Au pied de la ruche pédagogique, la nécessité de préserver les pollinisateurs et de veiller aux populations d’oiseaux des campagnes.

Fin mai, aux jardins suspendus, une sortie ornithologique a permis d’écouter et d’identifier les chants mélodieux des oiseaux. Une randonnée de découverte et d’observation des principaux oiseaux en compagnie du Conservatoire d’espaces naturels de Champagne-Ardenne.

Le chant des oiseaux ne cesse d’être étudié. On lui prête de nombreux bienfaits. Il est élevé aujourd’hui au rang de remède indispensable à la relaxation intense. Avant de se lancer dans l’écoute, il est peut-être utile de savoir comment et pourquoi les oiseaux chantent.
Ce jour-là, une sortie découverte nature sur les oiseaux en forêt et en bord de terrasses des jardins suspendus a rassemblé une dizaine de participants. En compagnie de Guillaume Geneste du Conservatoire des espaces naturels de Champagne-Ardenne, l’écoute des chants d’oiseaux a été facilitée au cours de la promenade.

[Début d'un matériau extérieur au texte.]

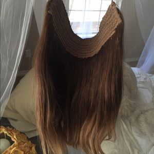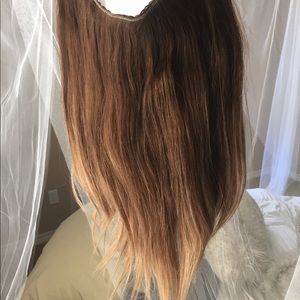 Never worn, has never had heat applied. 100% human hair extension. Super thick! 180 grams 16 in long with some slights layering for a more natural affect. Can be worn with the halo wire or have clips attached. This color just didn't quite match up with my hair. You could always have it recolored I just never got around to doing that.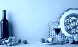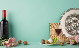 Passover side view items including a seder plate, matzot, and wine bottle arranged on green backdrop

«Les oiseaux chantent principalement durant la saison de reproduction afin d’attirer les femelles pour se reproduire», a expliqué d’entrée aux participants Guillaume Geneste, le chargé de mission. «C’est aussi un moyen pour les partenaires de se reconnaître, car chaque individu a une signature vocale qui lui est propre. Certaines espèces chantent durant tout le cycle de reproduction, tandis que d’autres s’arrêtent dès le début de la ponte ou de l’élevage des jeunes.»

Tendre l’oreille

Entendre un oiseau chanter ne signifie pas obligatoirement la présence d’un nid. Certains oiseaux peuvent chanter sans trouver de partenaire ou encore chanter durant leur halte migratoire. En dehors de la reproduction, le chant est aussi une façon de délimiter et défendre son territoire, pour s’informer d’un danger ou se signaler durant la migration.

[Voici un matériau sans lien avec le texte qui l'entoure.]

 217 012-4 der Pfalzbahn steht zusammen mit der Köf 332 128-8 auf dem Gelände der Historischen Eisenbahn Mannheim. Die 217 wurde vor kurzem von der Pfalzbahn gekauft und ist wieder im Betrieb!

Dans tous les cas, la meilleure période pour écouter les oiseaux chanter reste le printemps, alors, sans hésitation, les amateurs de nature ont tendu l’oreille. Beaucoup plus mélodieux, le chant est presque uniquement le propre du mâle : il l’utilise à l’époque de la reproduction, pour affirmer sa présence sur son territoire ou pour attirer la femelle.

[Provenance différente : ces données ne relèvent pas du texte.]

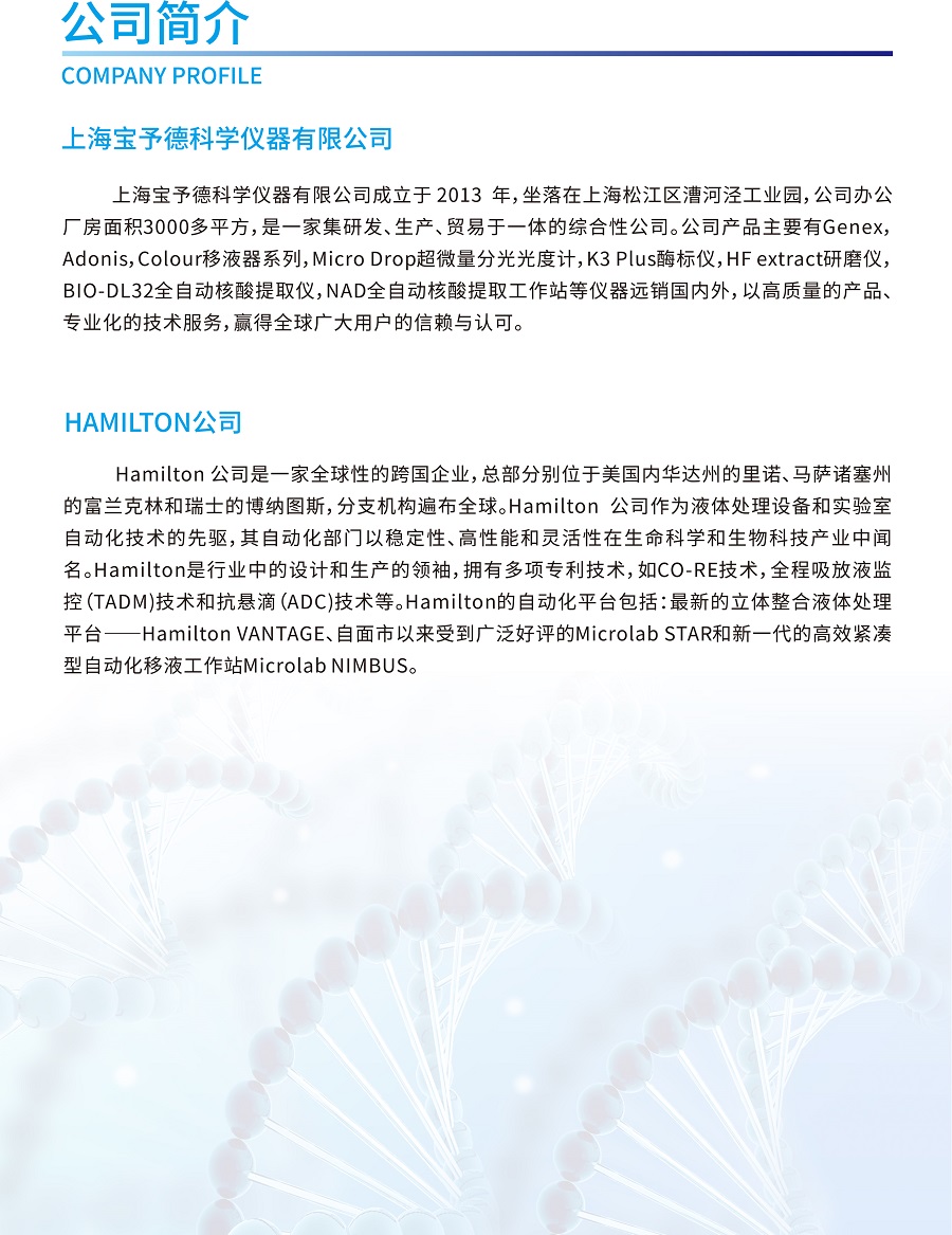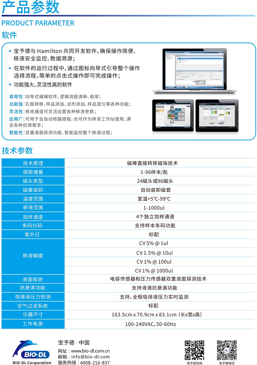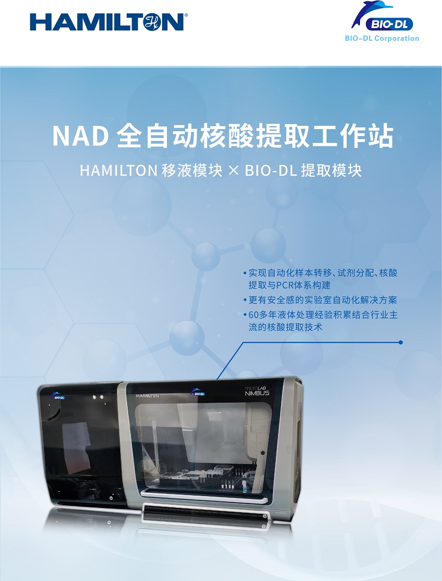 實現自動化樣本轉移、試劑分配、核酸提取與PCR體系構建;更有安全感的實驗室自動化解決方案;60多年液體處理經驗積累結合行業主流的核酸提取技術; NAD全自動核酸提取工作站是由NIMBUS移液工作站和BIO-DL核酸提取模塊整合,在一套系統上實現樣品轉移、試劑分配、核酸提取以及PCR反應體系構建等全流程的自動化。

«Identifier les chants n’est pas toujours facile. Avec de l’expérience, on y parvient peu à peu, mais l’incertitude demeure», a résumé modestement l’animateur qui a rapidement mis des noms sur ces chants. Le pouillot véloce dit aussi “compteur d’écus”, petit oiseau au plumage gris verdâtre émet un “tsiptsiap” caractéristique, répété avec constance. Le merle, l’un des meilleurs chanteurs de nos régions, lance ses roulades et ses vocalises. Le pétulant et minuscule troglodyte a un chant d’une puissance et d’un éclat surprenants qui étonnent chez un oiseau aussi petit. Il comporte des trilles qui aident à le reconnaître. La fauvette à tête noire a aussi un très beau chant au rythme assez pressé. Plusieurs espèces chantent en vol. La plus remarquable est l’alouette des champs qui monte dans le ciel en chantant à perdre haleine, jusqu’à une hauteur de 100 m. Puis, elle se laisse tomber comme une pierre, n’ouvrant les ailes qu’à quelques mètres du sol…
La nature est vraiment généreuse et surprenante.